A 3.0 kg block rests on a 30° slope and is attached by a string of negligible mass to a solid drum of mass 0.85 kg and radius 5.0 cm, as shown in Fig. 10.29. When released, the block accelerates down the slope at 1.4 m/s2. What is the coefficient of friction between block and slope?

I've attached the diagram below. I've managed to find the answer, but I don't understand why the tension coming from the torque is T = IA/R^2, instead of just T = IA.

Thanks for the help!

Relevant Equations

T = IA / R^2

 

[haruspex]

For one thing, T=Ia would be dimensionally wrong.

If the tension is T and the drum has radius r, what torque does the tension exert on the drum?
What equation relates the torque to I and to the angular acceleration, α?
What equation relates α to the radius and to the linear acceleration ?
Can you combine those to get the equation that puzzles you?

 

[KittyCat1534]

For one thing, T=Ia would be dimensionally wrong.

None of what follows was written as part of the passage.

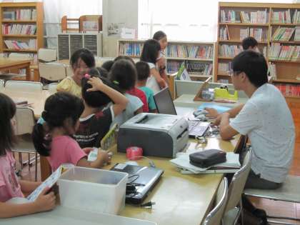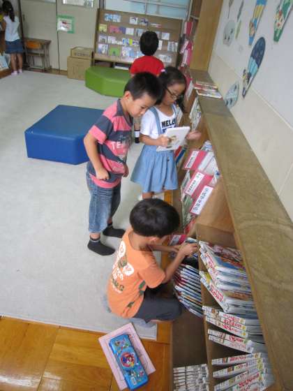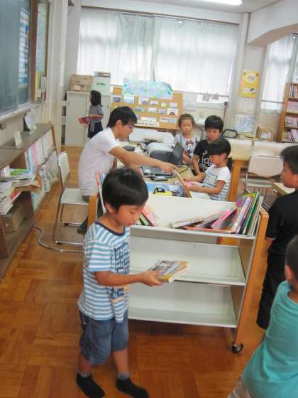 1年2組は,図書室で借りていた本を返し,新しい本を借りていました。

If the tension is T and the drum has radius r, what torque does the tension exert on the drum?
What equation relates the torque to I and to the angular acceleration, α?
What equation relates α to the radius and to the linear acceleration ?
Can you combine those to get the equation that puzzles you?

@haruspex
I'm sorry for the late reply, I believe that the equation which relates the torque to I and the angular acceleration is T = Ia. And since the linear acceleration is that of a tangent to the drum, linear acceleration = a/r. I combine those to get the equation T = (Ia)/r. Is this correct?

 

[haruspex]

the equation which relates the torque to I and the angular acceleration is T = Ia.

In standard use of variable names, that would be $\tau=I\alpha$.
In the equation you queried, $T=\frac{Ia}{r^2}$, T is tension, not torque, and a is linear acceleration, not angular acceleration.

Dimensionally,
[T]=MLT^-2
[τ]=ML²T^-2
[a]=LT^-2
[α]=T^-2
[r]=L
[ I]=MR²
Use those to check the equations in post #1.

linear acceleration = a/r

Here you are using a to mean angular acceleration, right? So in the above you are saying $a=\frac{\alpha}r$? No, that's backwards: $a=r\alpha$.